I’m building a small multi-agent system where one agent acts as a Knowledge Agent, it should read PDFs, markdowns, or web links and then remember what it learned. Another “Main Agent” uses that understanding later for reasoning or onboarding questions.
I’m not looking for RAG or vector DB setups (no embeddings, no retrieval queries), and I also don’t want to fine-tune models each time knowledge changes.
Basically I want the Knowledge Agent to behave like a human who’s already read the docs using that info naturally when reasoning, not by searching.
I also considered just loading everything into the system prompt or summarizing all the documents into one knowledge.md file and feeding that as context but this doesn’t seem like a scalable or efficient approach. It might work for a few PDFs (4–10), but not for large or growing knowledge bases.
So I’m wondering if anyone has seen a framework or project that supports this kind of proactive, memory-based knowledge behavior?
GPT: generative pretrained transformer - tens or hundreds of millions of dollars of computation, reinforcement learning on terabytes of corpus.
Post-training: more millions of tasks and applications of training for how to perform and act like a chat entity and follow instructions and understand roles.
Delivers you an AI model to use.
The only thing that you have not disallowed is context window for a completion AI model. This is the auto-regressive sequence that the AI continues upon, predicting the next token that would appear after the text, guided by self-attention.
Therefore the only avenue you’ve provided yourself is that input, where “learning” will just be adding to the chat in an uninformed manner, whether in “chat history” form, or by persisting documents that are meant for ingesting, in whole, without search or keeping the context to only what is relevant.
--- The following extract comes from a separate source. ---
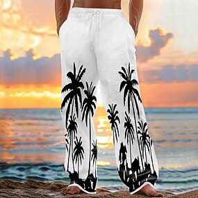Per uomo Pantaloni di Lino Pantaloni Pantaloni Estivi Pantaloni Larghi Pantaloni da Spiaggia Coulisse Elastico in vita Gamba Dritta Albero di Cocco Comodità Traspirante Lunghezza intera Casuale

The largest input context AI model by OpenAI is gpt-4.1 at 1M tokens. Eventually you must discard, and you have given no latitude for any mechanism of task relevance for what to place or to expire.
Maybe i’ll try smaller, specialized agent whose only job is to use RAG to find relevant info and then summarize/write a concise briefing for the Main Agent. This briefing will get passed as context. This moves it closer to “internalized knowledge” for the task at hand without the latency of searching on every token. If this doesnt work than the only option I’m left is start utilizing the context window.